Stem Cell Culture Is Moving To The Third Dimension

Human stem cells are being used to create miniature 3D tissues which can be used to study normal human biology and disease in vitro.

As Toshiro Sato places a culture dish under a microscope he does not see a sheet of cells, rather a complex sphere of delicate tissue barely visible to the naked eye, these 3D structures develop when stem cells are given the right conditions to differentiate and arrange into forms with properties similar to those of particular organs or tissues.

Organoids have the potential to form any body tissue type, and can be derived from pluripotent stem cells, which when grown in the right conditions can organize into structures in which the different cell types are arranged similarly to in vivo tissues. Organs on chip are typically made by arranging stem cells and cells previously differentiated into the required cell types on a microfabricated device in positions and structures appropriate for desired experiment need. The difference between organs on chips and organoids is self organization vs construction.

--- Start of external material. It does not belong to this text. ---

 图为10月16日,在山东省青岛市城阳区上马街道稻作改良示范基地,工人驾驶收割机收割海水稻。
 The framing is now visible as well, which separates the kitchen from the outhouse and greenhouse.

Organoids are being used increasingly to study normal development and progression of diseases, and have been named the Method of the Year by Nature Methods in 2018. Sato’s team uses CRISPR gene editing techniques to change DNA sequencing in stem cells to observe how it affects the development of the organoid.

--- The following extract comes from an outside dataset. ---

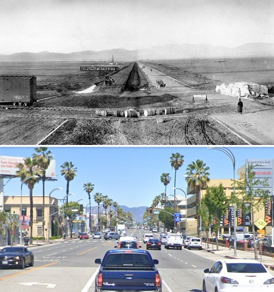 | (1940 vs 2022)* – Looking down toward the Los Encinos State Historic Park with the intersection of Ventura Boulevard and La Maida Street seen in lower right. Photo comparison by Jack Feldman. |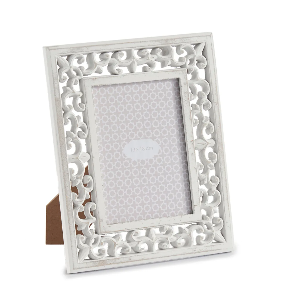 Marcos Y Fotos|Estilo Étnico>Portarretrato tallado blanco de madera 13x18cm

Organs on a chip and organoids have potential in assessing efficacy and safety of drugs, chemicals, cosmetics, and have possible applications in regenerative medicine such as comparing the effect of treatments because genetics and life history of subjects can affect how they react. When derived from patient cells organoids and OOCs can eliminate confounding effects by creating intervention and control populations that have identical genetics and clinical history. However they do not come without challenges such as how to scale up production to meet growing demand, while maintaining reproducibility and fidelity of the structure to the in vivo organs they represent.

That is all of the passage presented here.